One of the key aspects of the emerging Internet of Things - where real-world objects are connected to the Internet - is the massive amount of new data on the Web that will result. As more and more "things" in the world are connected to the Internet, it follows that more data will be uploaded to and downloaded from the cloud. And this is in addition to the burgeoning amount of user-generated content - which has increased 15-fold over the past few years, according to a presentation that Google VP Marissa Mayer made last August at Xerox PARC. Mayer said during her presentation that this "data explosion is bigger than Moore's law."
(For those of you that are wondering, "Moore's law" refers to the theory that data doubles every 18 months.)

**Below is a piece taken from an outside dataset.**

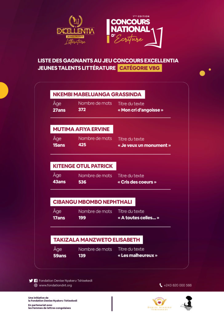 Soucieuse de répondre à son engagement en ce qui concerne la promotion de l’excellence en RDC, la Fondation Denise Nyakeru Tshisekedi en partenariat avec FELCO (les Femmes de Lettres Congolaises) organise un concours national d’écriture dénommé EXCELLENTIA JEUNES TALENTS LITTÉRATURE, une branche de son projet EXCELLENTIA. Ce concours permettra de sensibiliser sur la maladie génétique qu’est la drépanocytose et sur les violences basées sur le genre tout en mettant en valeur nos talents littéraires congolais Junior et Senior passionnés par la plume.

After recently stumbling across several articles mentioning the "data explosion" (notably one at information-management.com) it got me thinking about the masses of data being created every second in the world today. In the info-mgmt article they had a couple of interesting paragraphs about the causes of the data explosion, and how to cope with it.
- In today’s 24x7 business world with demand for timely and relevant information, devising a forward-looking big data strategy is critical to ensure your organization can effectively leverage data from all available sources and quickly turn it into a competitive advantage
- Online and offline behavior are blending into a single entity.
- There are many sources of data that are contributing to this remarkable data growth.
- Data comes from mobile, Internet and traditional sources... and people are evolving from information consumers to producers, by creating their own data.
- Common but often ineffective coping methods: adding more hardware, pushing data transformations elsewhere, such as down into the database, or custom coding when addressing data performance problems that arise as data volumes grow.
- Overall objective: quickly adapt and respond to changing business demands.
- Integrating enterprise data and new sources of data (e.g. web data) is the way forward for timely, accurate access to information as a basis for making business decisions.
- To manage big data for the long-term as data volumes continue to grow, look to create a fast, efficient, simple cost-effective data integration environment.
- With a sound strategy in place, big data can actually help provide the key to unlocking an organization’s next big opportunity.
So what are some reasons for the data explosion?
1. A major trend over the last few years has seen many organisations implementing ERP and CRM solutions. This in turn has caused a dramatic increase in the amount of data we are storing about our customers, prospects, partners and suppliers.
2. The current economic state of the world is likely to have resulted in a higher number of business deals, such as mergers and acquisitions. This in turn has resulted in growing data volumes, with the associated issues such as duplication of information. Organizations therefore have to not only manage all of their own data, both old and new, but also this wave of incoming data from other sources.
3. Legislation changes could also have played a major part in the retention of data. The laws have changed around how we use, store and maintain our data. Organizations are often required to hang on to more data, for longer.
4. The improvements in technology and database capabilities have changed the way data is stored and scaled, and the structure and format of the data. New innovations have enabled more and more data to be managed and supported, while improvements in speed, quality and storage are being made all the time.
Coping with the data explosion
Be open-minded to change. A typical response is simply to add more hardware to the system, more storage, more servers and more bandwidth, but this does not generally solve the issue - in fact it can contribute to capturing more data, and thereby increasing the cost of maintenance and storage with more servers, IT staff and bigger facilities to house it all. Find out what works for you and your organization best. For example - choosing your data storage. Relational databases are ideally suited to the task of capturing and storing huge quantities of data and are designed to cope with a massive throughput of transactions. Then you can choose an analysis tool that compliments your already existing business intelligence investment.